Adonal / Blazinol (name in Canada) is based on the old Rodinal forum.


----------



## Dave442 (Feb 4, 2015)

I think Adonal is basically like the old Rodinal so take a look at that.
For fine grain I usually used HC110.


----------



## Rollei12 (Feb 4, 2015)

Thanks again everyone


----------



## Dave442 (Feb 4, 2015)

I started with D76 powder Developer, good and cheap, but for smaller batches of film developing it is much easier to use the liquid developers. Like the powder, with liquid you usually make a stock solution and then for each session make the working solution. So with HC110 it would be 1 part concentrate to 3 parts water to make stock solution and then the working solution would be further diluted. Or go straight from concentrate to working solution if developing very infrequently.


----------



## Rollei12 (Feb 4, 2015)

Dave442 said:


> I started with D76 powder Developer, good and cheap, but for smaller batches of film developing it is much easier to use the liquid developers. Like the powder, with liquid you usually make a stock solution and then for each session make the working solution. So with HC110 it would be 1 part concentrate to 3 parts water to make stock solution and then the working solution would be further diluted. Or go straight from concentrate to working solution if developing very infrequently.

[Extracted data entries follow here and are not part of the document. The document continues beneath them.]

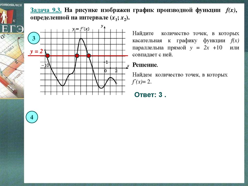 Задача 9.2. На рисунке изображен график производной функции f(x),определенной на интервале (x1; x2). Найдите количество точек, в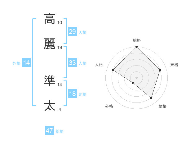 高麗 準太さんの総格は47画の5点!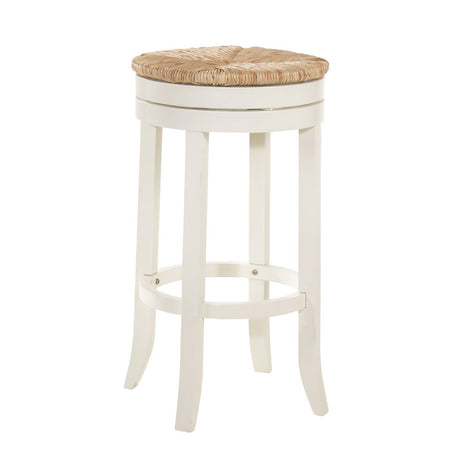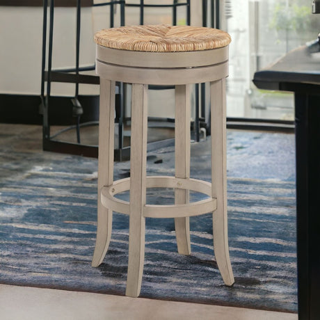 30" Natural And Antiqued White Solid Wood Swivel Backless Bar Height Bar Chair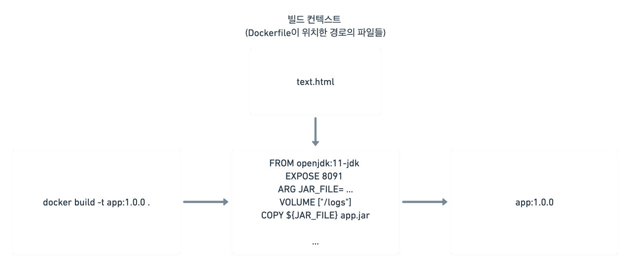 - 빌드 컨텍스트를 읽어드립니다. 이때 Dockerfile에 위치한 각종 파일 소스코드 등을 담고 있는 디렉터리를 빌드 컨텍스트라고 합니다.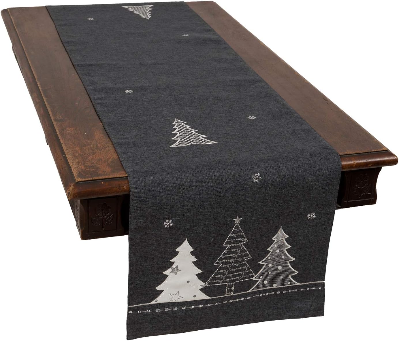 Fairytale Christmas tree with snowing embroidered on christmas red or gray back ground. Matching placemats, napkins and table runner available. Made with 100% wrinkle and stain resistant easy care poliviscose. Machine Washable. Christmas dinner will be perfectly accented with these warm and inviting holiday linens!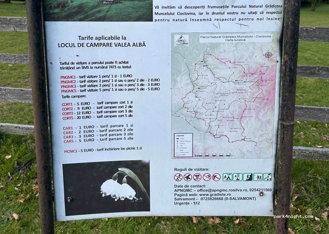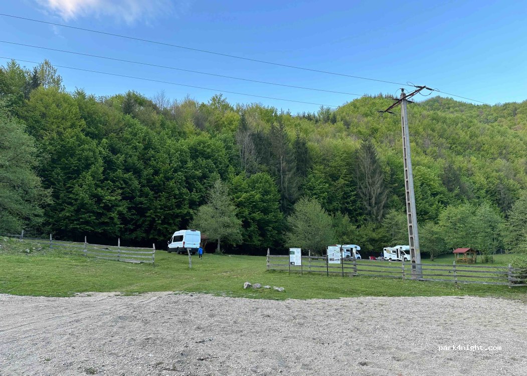A free campsite aside the asphalt road to Sarmisegetuza, with some basic toilets and a wide area, for caravans an tents. A small river is very near. There are springs with fresh water nearby, at few hundred meters. Quiet over night. The access is easy from main road, the ground is flat and green grass covered.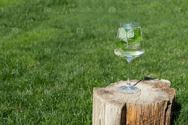 Стекло с листьями мяты и ломтиками лайма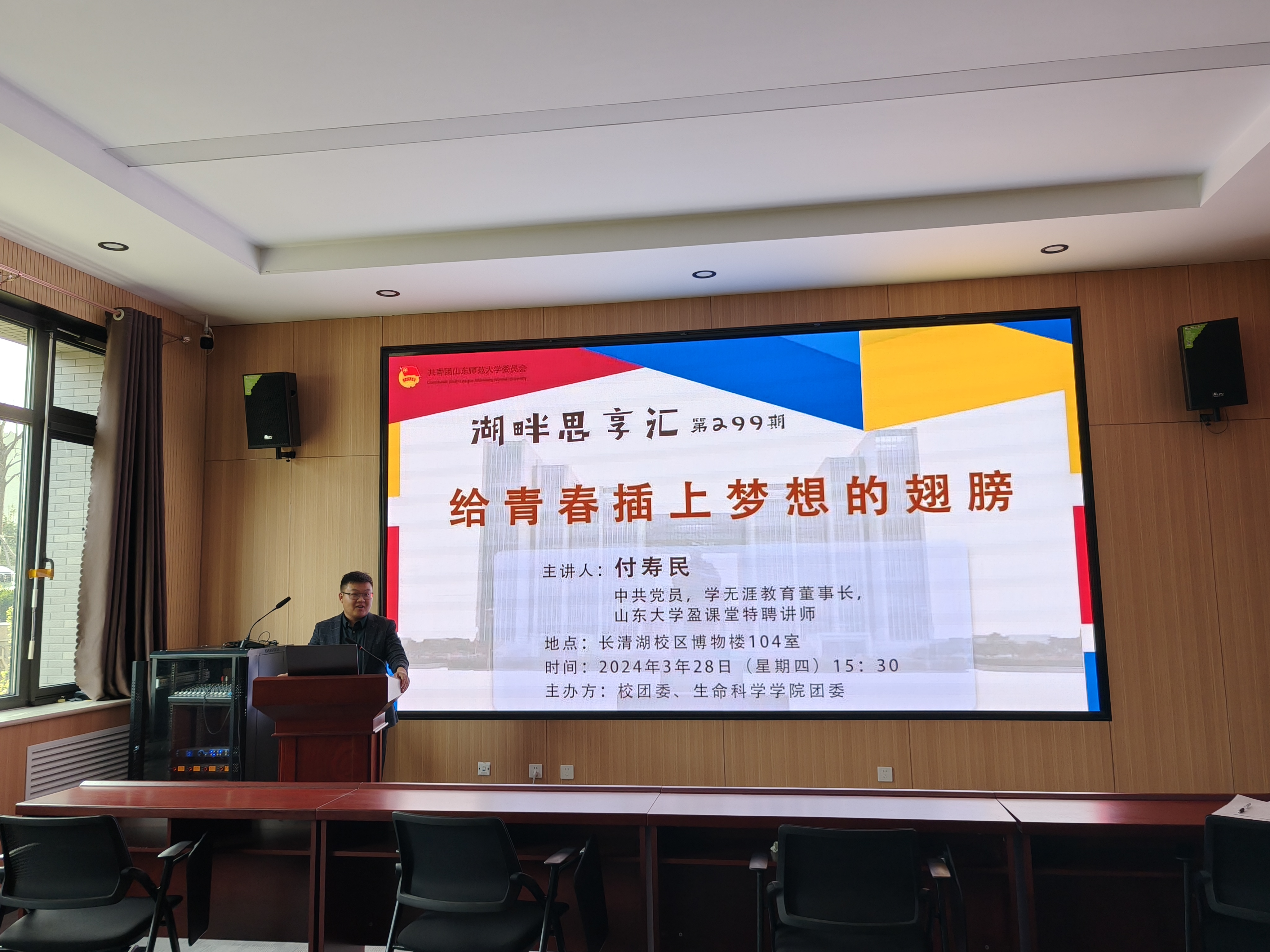 2024年3月28日,英国上市公司365校团委、英国上市365团委在博物楼A座104共同联合举办了第299期湖畔思享汇,英国上市365优秀毕业生,学无涯教育科技集团董事长付寿民应邀作“给青春插上梦想的翅膀”主题报告。学院2022级和2023级学生代表出席本次活动。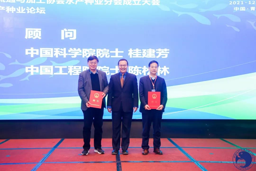 桂建芳院士为分会副会长中水集团远洋股份有限公司、渤海水产股份有限公司、海南晨海水产有限公司、大连棒棰岛海产股份有限公司、青岛国信蓝色硅谷发展有限责任公司、安徽富煌三珍食品集团有限公司颁发证书;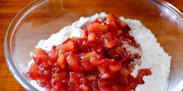 3、等到山楂被煮軟煮化後盛出,放入大碗中,往裡面加入250g面粉、180g清水,用筷子充分拌勻。
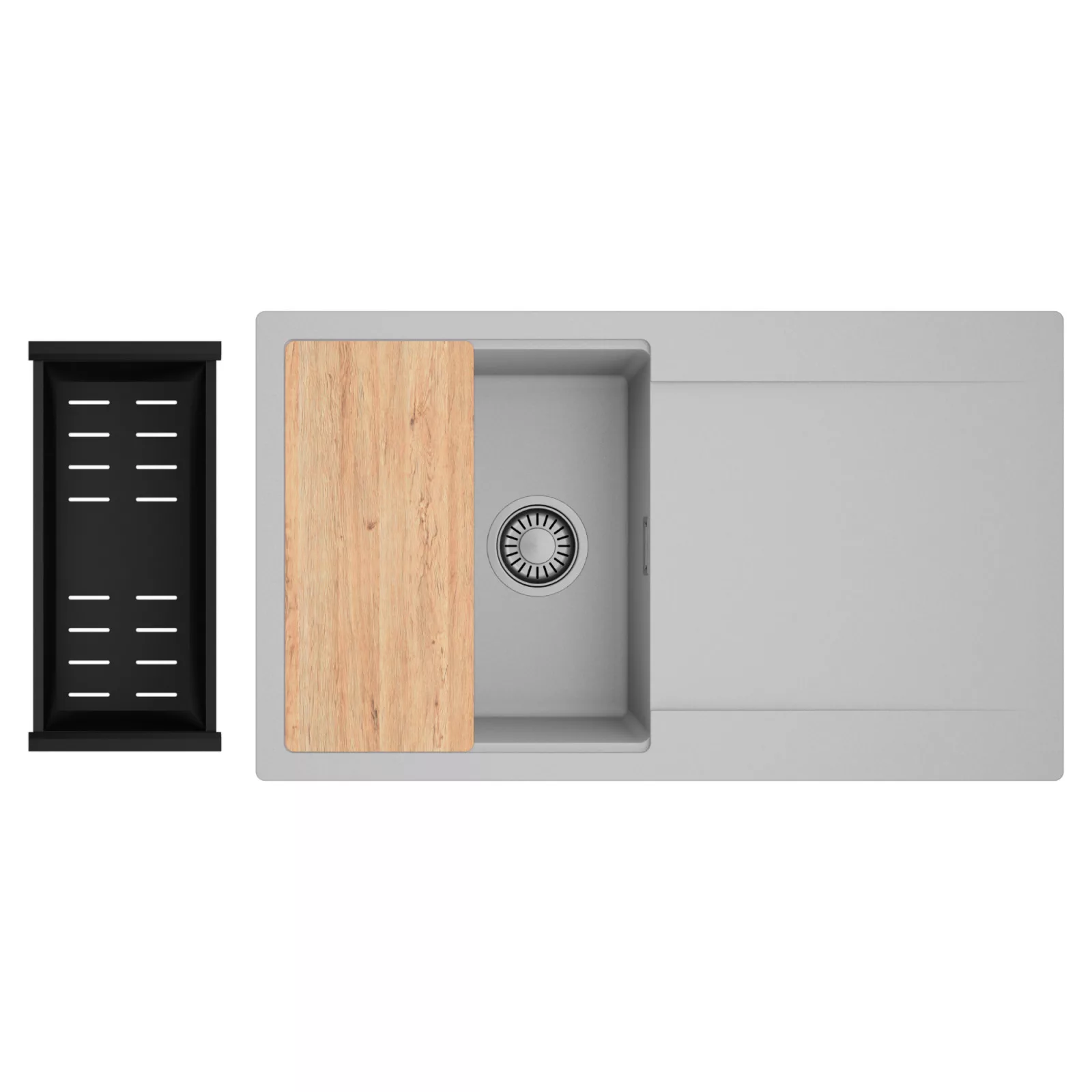 HD Onyx Grey 86 egymedencés mosogatótálca szett, vágódeszkával és csepegtetőkosárral, alpesi szürke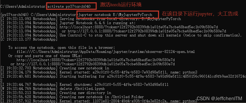 2 转到 jupyter 笔记本文件夹目录, 按 Enter 键启动 jupyter, 生成的文件保存在文件夹中 。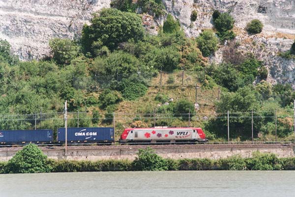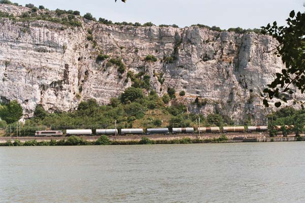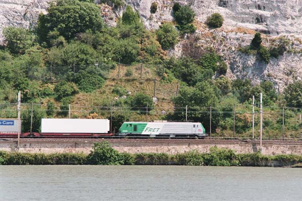 Der Legende nach fängt für die Eisenbahner der Midi, also der Süden Frankreichs, am Défilée de Donzères an. Dieser Name bezeichnet die Stelle, an der der Rhone und die Eisenbahn eine Felswand passieren, an deren südlichem Ende die Ortschaft Donzères liegt. Früher ein beliebter Fotopunkt, um Züge wie den Mistral abzulichten, die hier auf der Ligne Imperial von Paris an das Mittelmeer durchrauschten, ist die Szenerie heute eintöniger. TGV und "FRETchen" bestimmen das Bild. Am 12.07.2013 trafen wir dennoch eine bunte Mischung an.

I take it all the instructions are with the product?  This sounds fun


----------



## Dave442 (Feb 4, 2015)

The product has some basic instructions. There are guides for each product from the manufacturer and then many other guides. Finally you need to make notes when you develop and then adjust in subsequent developments as your water is different from others.


----------



## gsgary (Feb 5, 2015)

For timings try Massive Dev Chart, I usually develop more than it states because I like contrasty negs


----------



## timor (Feb 5, 2015)

Rollei12 said:


> So some other questions here...
> 
> Which is a recommended choice to get started with: Kodak or Ilford?  I seem to like the liquid chemical idea better than powder but maybe powder is better?
> 
> ...


The magic of b&w film is, that everything is a personal choice. The best of film or chemicals is what works best for you. That is why you will not get any singularly answer. Any developer can give you foot results with any film. There is a large number of veritable starting with technical state of your camera nobody can really take in account. B&w film is an empiric affair, very persomal , one has to work out own way. Manufacturers, or ours for that matter, recommendations are only a starting point. By changing some of the variable you may arrive at your perfect negative and suddenly you may see your way is different than ours. Shoot film, develop how you like or can, see results, don't get frustrated if not that good, think what's wrong, apply change, try again. After 4-5 rounds you will start to feel it.


----------



## compur (Feb 5, 2015)

Freestyle has Rodinal but it can only be shipped within the USA. It's currently being marketed as an Adox product. It should be available in Canada.


----------



## christopher walrath (Feb 5, 2015)

Personal recommendations for just starting?
HC110
Kodak Indicator Stop
Kodafix
and for paper - Ilford Multigrade and Selenium Toner


----------